━━━ DATA SHOWN
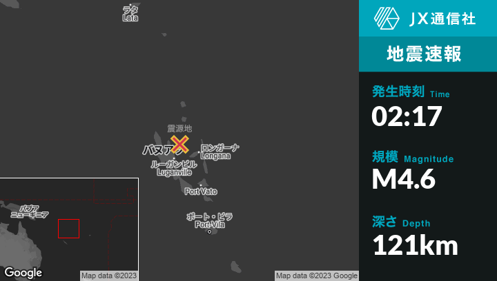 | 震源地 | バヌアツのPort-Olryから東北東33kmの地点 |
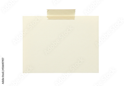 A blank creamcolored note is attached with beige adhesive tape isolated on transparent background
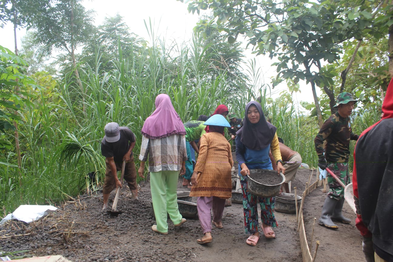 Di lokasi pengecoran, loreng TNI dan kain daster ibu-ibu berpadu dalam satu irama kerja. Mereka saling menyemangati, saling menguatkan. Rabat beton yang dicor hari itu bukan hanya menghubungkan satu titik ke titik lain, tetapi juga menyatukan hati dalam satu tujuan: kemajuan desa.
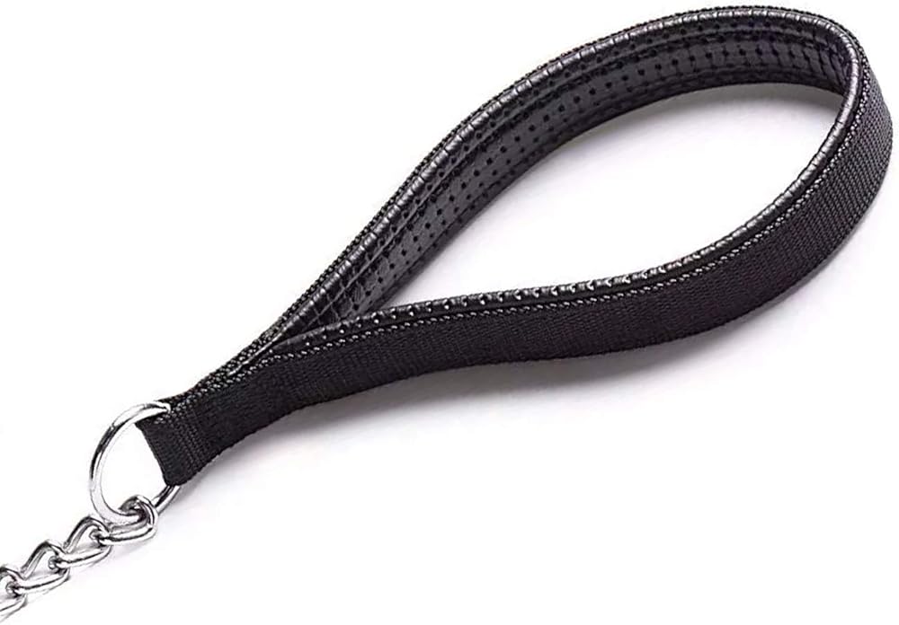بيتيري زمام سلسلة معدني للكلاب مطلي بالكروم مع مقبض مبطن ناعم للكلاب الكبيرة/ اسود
━━━━━━
━━━ DATA SHOWN
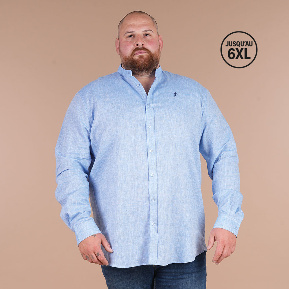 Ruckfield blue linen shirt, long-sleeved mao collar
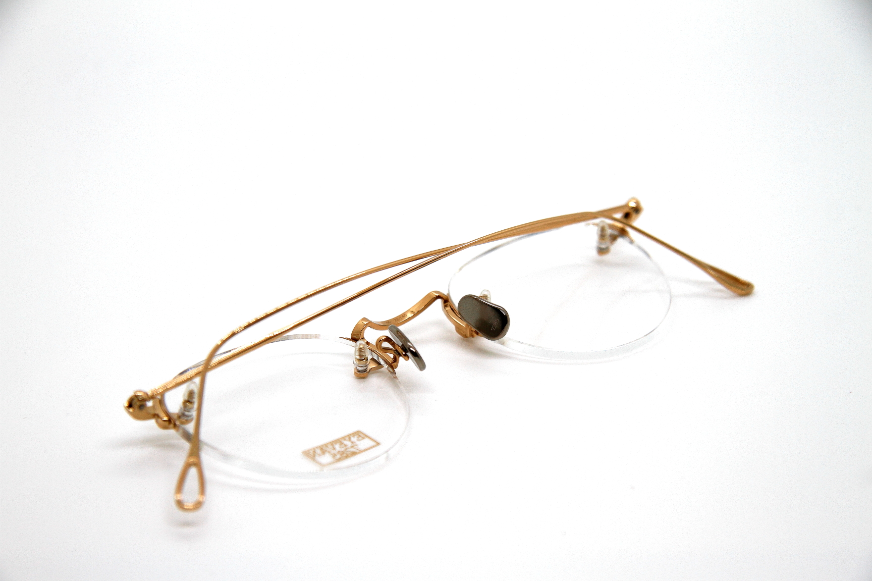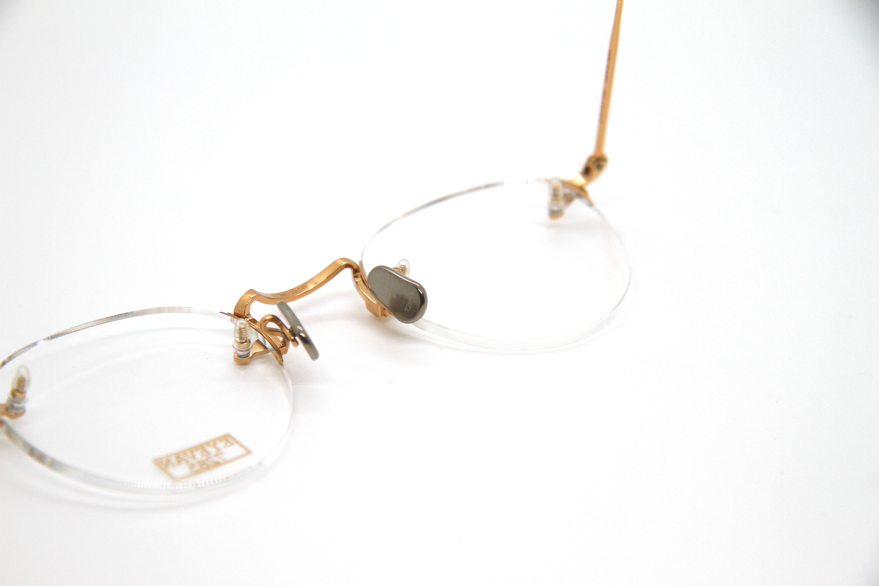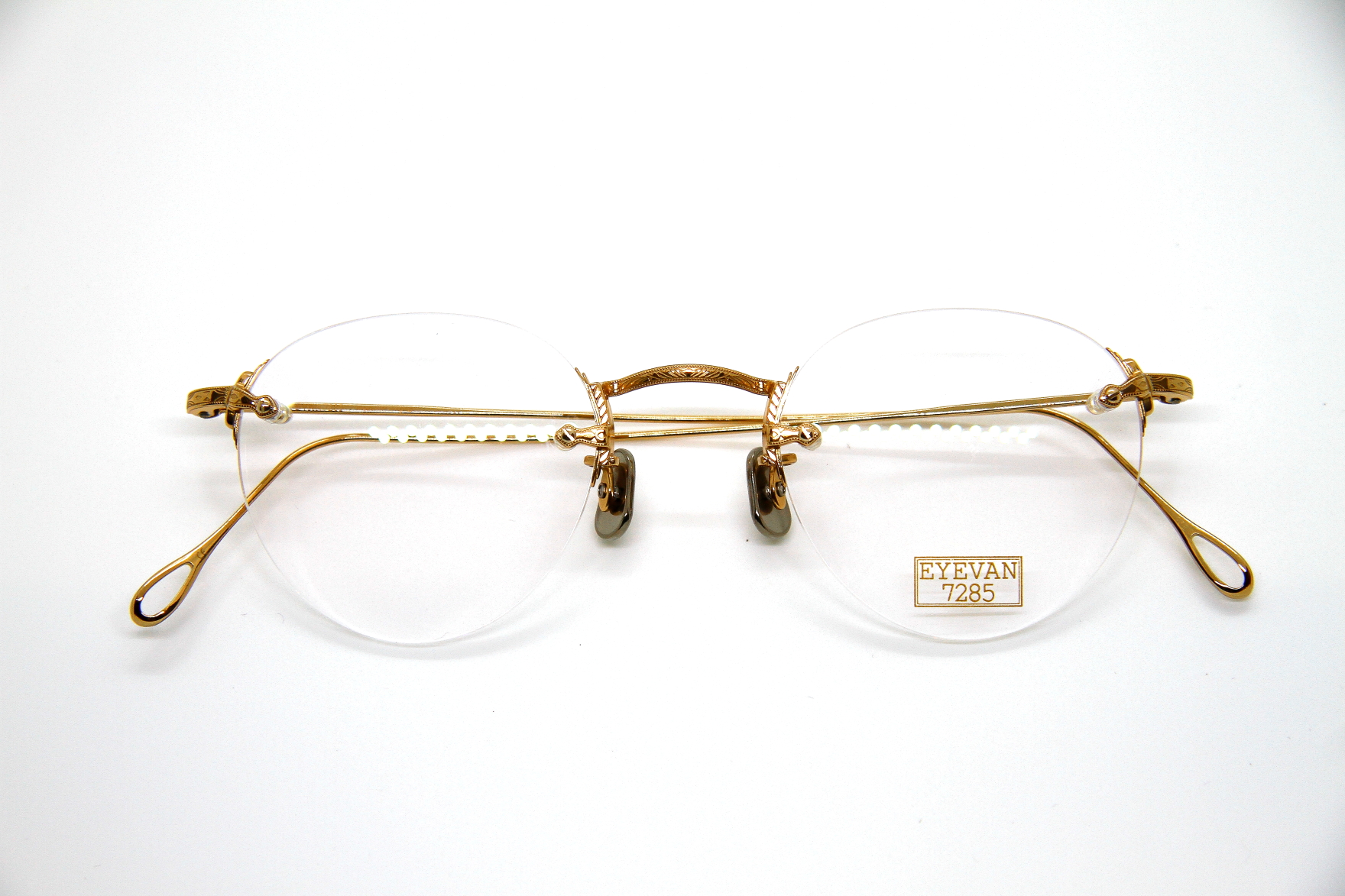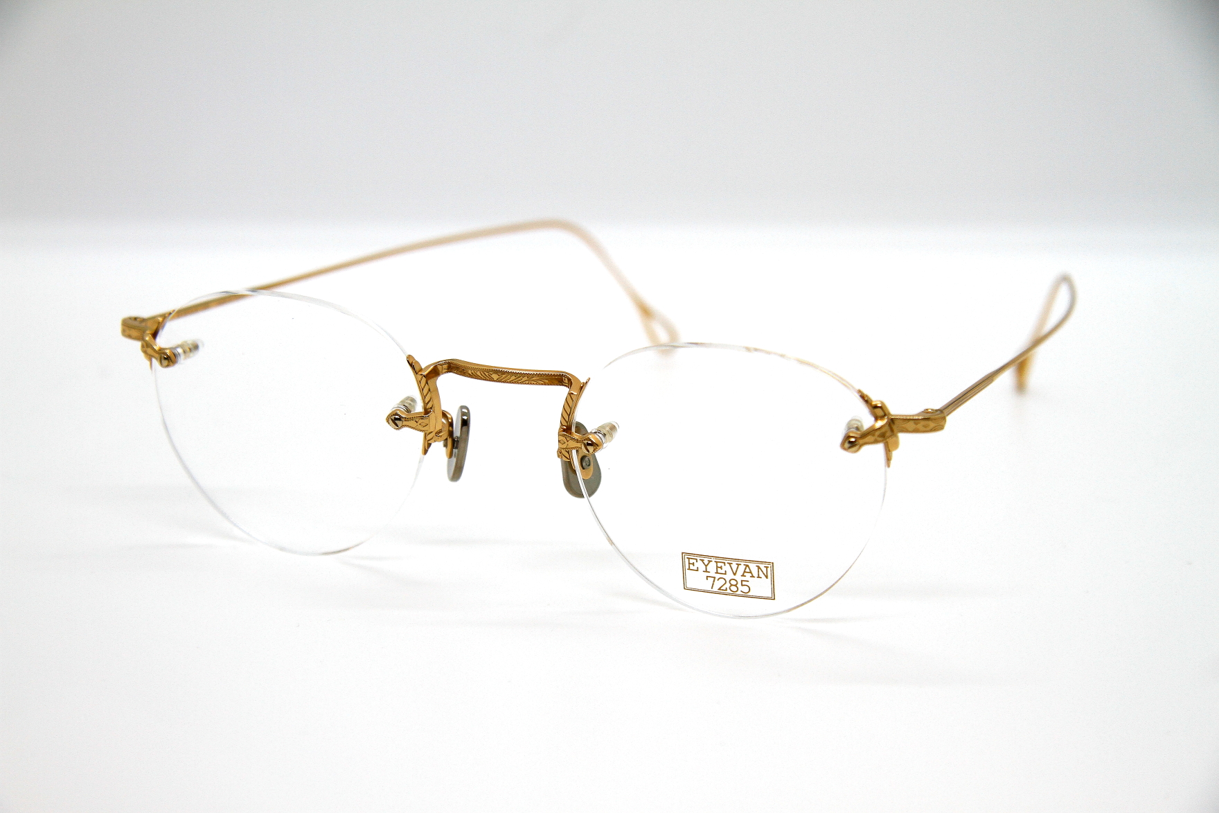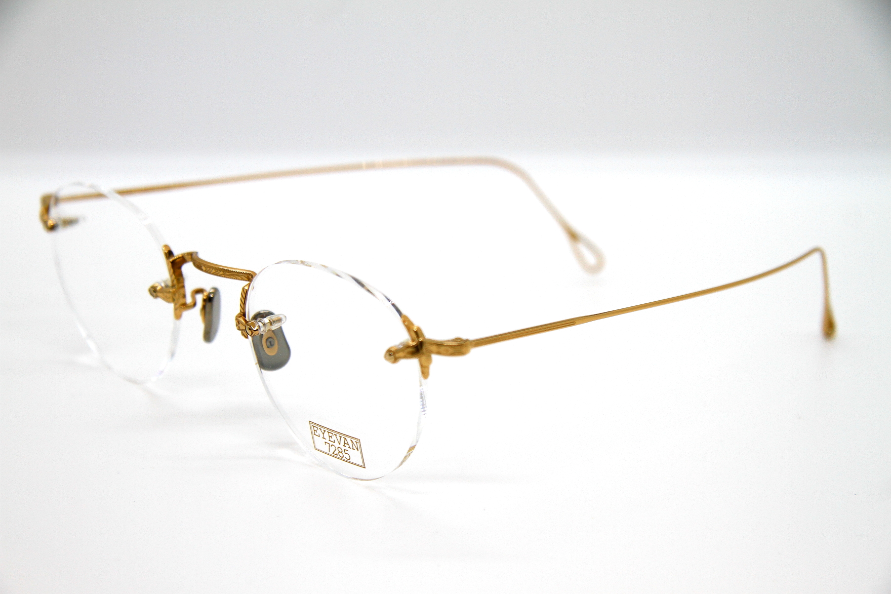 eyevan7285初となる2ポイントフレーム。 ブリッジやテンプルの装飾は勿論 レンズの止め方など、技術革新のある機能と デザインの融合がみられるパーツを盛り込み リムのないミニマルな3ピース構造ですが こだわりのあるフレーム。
━━━━━━
▶ _WORK REQUEST_
Print the part of the listing above that opens with the line containing "Di lokasi pengecoran, loreng" and closes with the line containing "بيتيري زمام سلسلة". Copy it exactly, both ends included, and omit the pictures.

▶ _ANSWER TO THIS EXERCISE_
 Di lokasi pengecoran, loreng TNI dan kain daster ibu-ibu berpadu dalam satu irama kerja. Mereka saling menyemangati, saling menguatkan. Rabat beton yang dicor hari itu bukan hanya menghubungkan satu titik ke titik lain, tetapi juga menyatukan hati dalam satu tujuan: kemajuan desa.
بيتيري زمام سلسلة معدني للكلاب مطلي بالكروم مع مقبض مبطن ناعم للكلاب الكبيرة/ اسود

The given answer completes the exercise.